(Scarecrow Press, Inc., 176 pages, $60)
By Ted Bergmann and Ira Skutch
In the late 1940s and early 1950s, the surge of commercial television found Americans mesmerized by shows from four networks: ABC, CBS, NBC and Du Mont. Most people today under 50 are unaware of Du Mont as a fourth network — or that multitudes watched programs on Du Mont TV sets.
Ted Bergmann, a former managing director of the Du Mont network, and Ira Skutch, who has written and edited several books for the DGA, tell the important story of the network's rise and fall, and of the man behind it.
Alan Du Mont (1901–1965) helped build the first transmitter to broadcast sight and sound simultaneously. He developed the Electrocam — a 35 millimeter motion picture camera mounted beside a television camera to record live TV shows. This let pre-videotape era directors "edit together the output of three cameras [and] ... produce a film program with live techniques."

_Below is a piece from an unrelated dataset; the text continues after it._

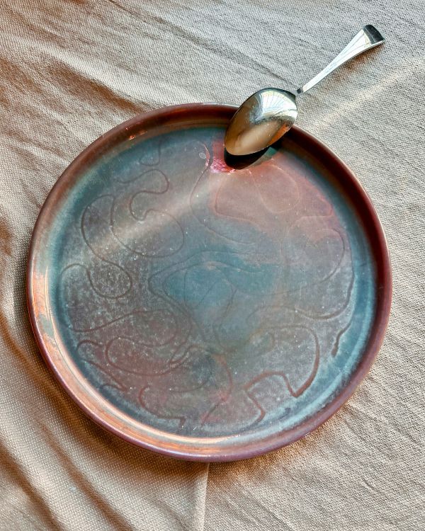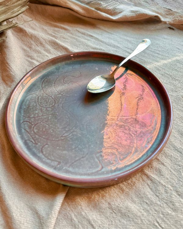 A mesmerizing fusion of artistry and functionality, the Rustic Art Serving Plate is a statement piece designed to elevate any dining experience. Handcrafted with meticulous attention to detail, this serving plate features a faded teal glaze that radiates beautifully with a crimson/maroon tint when it catches the light. The surface is adorned with delicate, abstract patterns, adding depth and texture to its design.

The Du Mont network carried Cavalcade of Stars, where Jackie Gleason dazzled audiences with his now famous characters. (When Gleason first moved to CBS, The Honeymooners segments were saved for posterity thanks to Du Mont's Electrocam.)
In addition to presenting other Du Mont innovations in content as well as technology, Bergmann and Skutch provide essential information on the history of broadcasting as they salute the man "who made television possible.